This article provides custom args and diagnostics.crsh files to use with the VMware Tanzu Kubernetes Grid (TKG) Crash Diagnostic (Crashd) utility and shows how to use them to gather data from TKG clusters in specific scenarios or use cases.
The attached custom files can:
Note: The scripts referenced in this article have been tested on Ubuntu-based TKG clusters.
Point your Crashd binary to use any of the the attached pairs of args and diagnostics.crsh files based on your TKG diagnostic requirements.
The following is an overview of the procedure. The details of the procedure differ based on your scenario:
1. Select a pair of args and diagnostics.crsh files.
2. Download or copy the referenced args and diagnostics.crsh files to the system Crashd will run from.
3. Set the mentioned parameters in the args file.
Optional: Customize
System commands to run on nodes:
To capture() the output to local files
To run() and display results to local stdout
Kubernetes objects or Kubernetes logs to retrieve from Kubernetes API
4. Run crashd. The following is an example:
crashd run --args-file <args-file> --debug <diagnostics.crsh-file>
1. Install the Crashd (Crash Diagnostics).
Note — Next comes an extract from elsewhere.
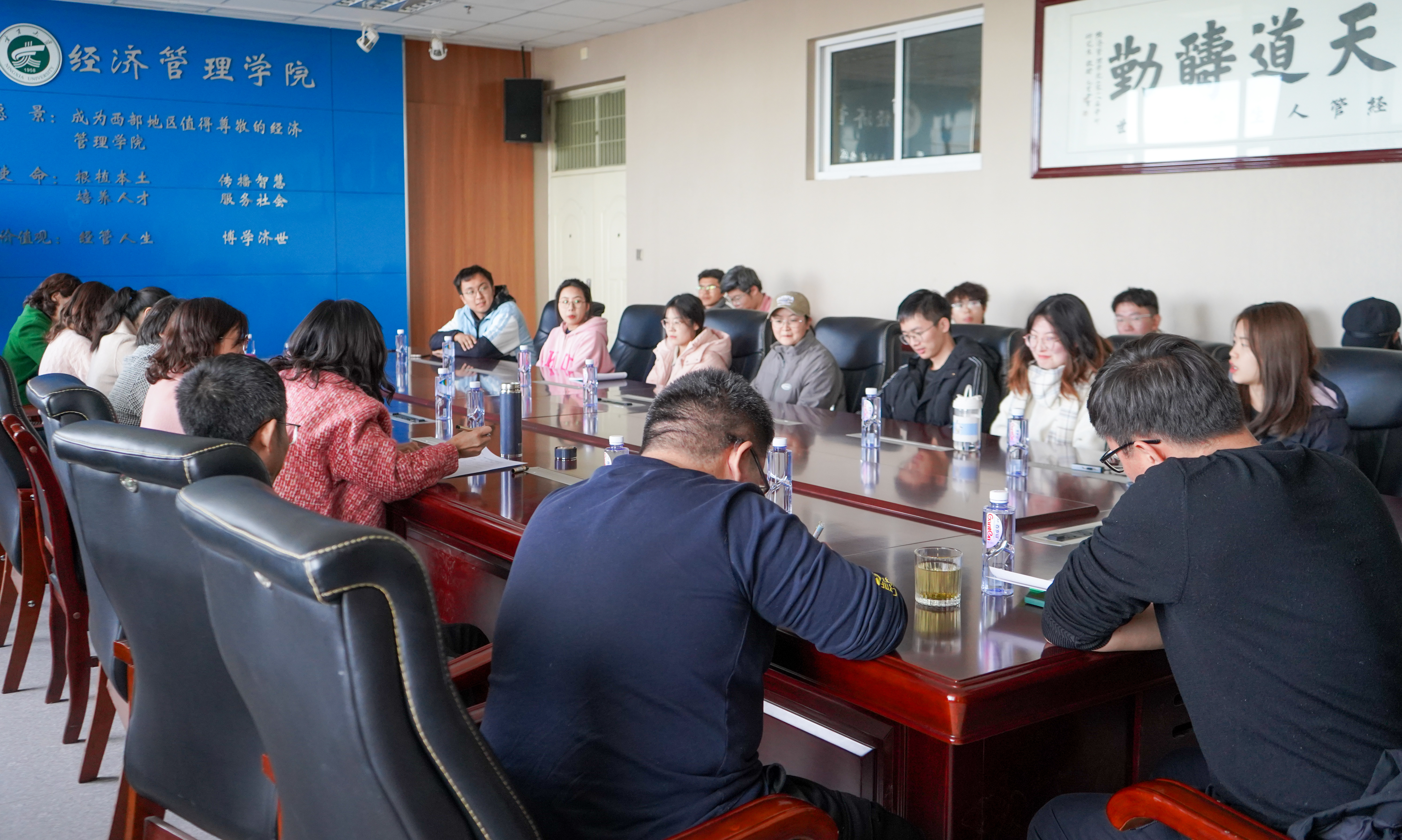 为更全面、准确地了解员工在学习与生活中存在的问题及诉求,提高教师教学质量和管理水平,11月8日下午,beat365在线官网入口2023-2024学年第一学期教学期中检查师生座谈会于文荟楼904会议室顺利召开。beat365督导组赵智宏、倪小莉、赵燕妮,beat365在线官网入口副经理康凌翔,经济学系主任刘涛,工商管理系主任张淑萍,工商管理专业硕士点负责人朱丽娅,农林经济管理专业东梅、于艳丽老师,勤学书院员工办公室负责人艾萨·阿尤普,教育与社会学部员工办公室负责人杨琳及来自公司各年级各专业员工代表参加会议。会议由赵智宏主持。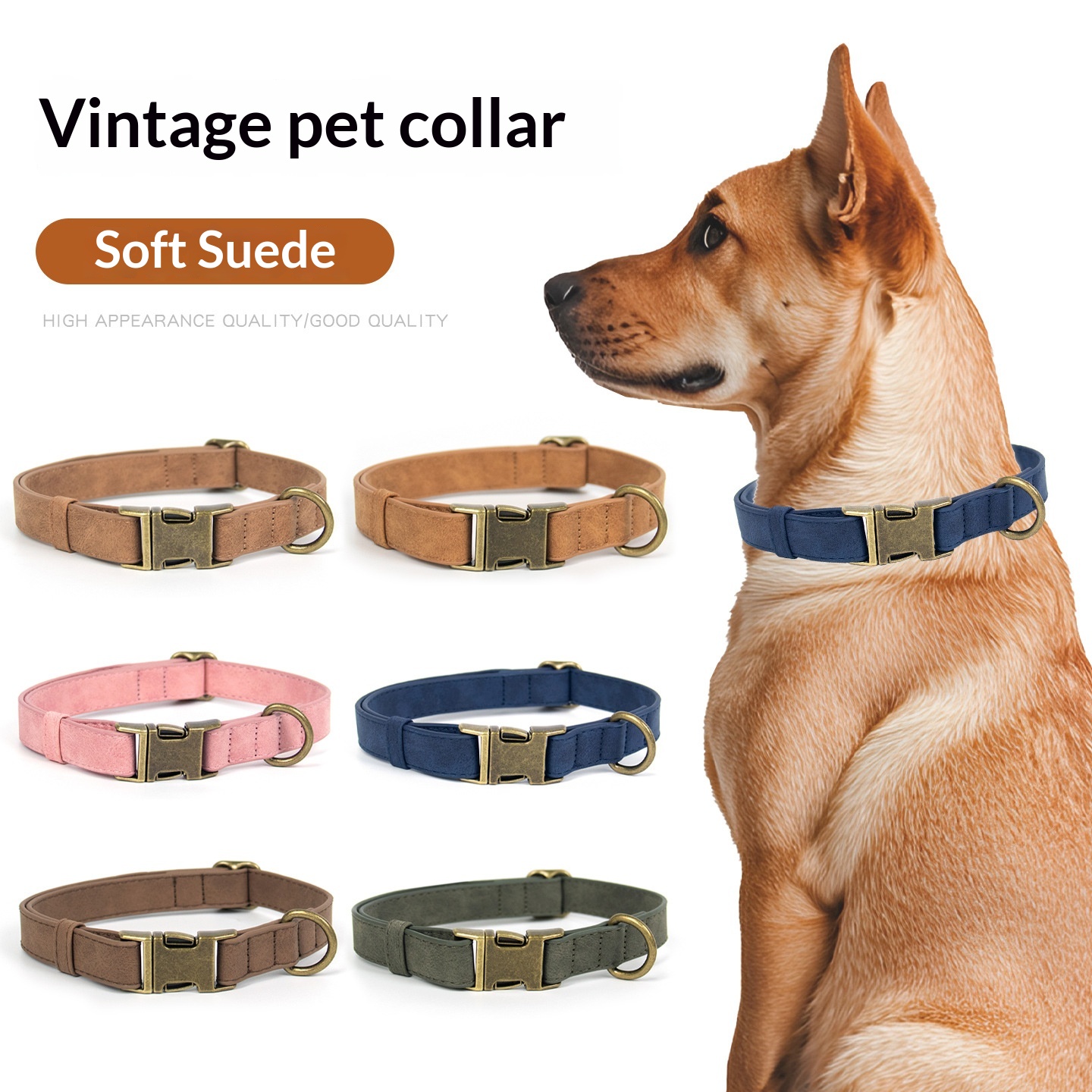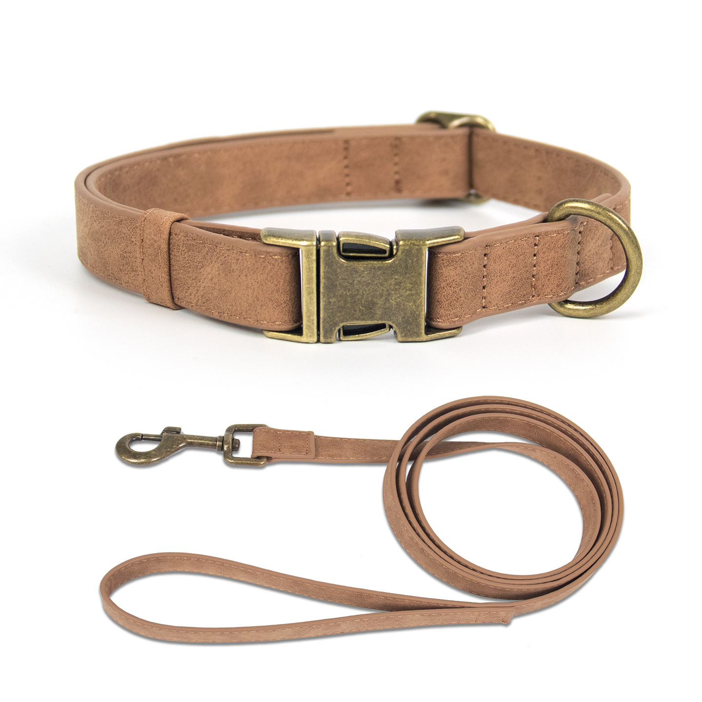 This pet collar and leash set is crafted from high-quality leather, available in multiple color options, suitable for large, medium, and small dogs. Featuring a vintage design, it offers reliable control to help prevent pulling.

For more information, see the following TKG documentation: Troubleshooting Tanzu Kubernetes Clusters with Crash Diagnostic
2. Confirm that crashd is working in your environment before using the custom files in the Resolution section.
Note: Using the default args and diagnostics.crsh files provided with the crashd download and configured by referencing the TKG documentation should work first.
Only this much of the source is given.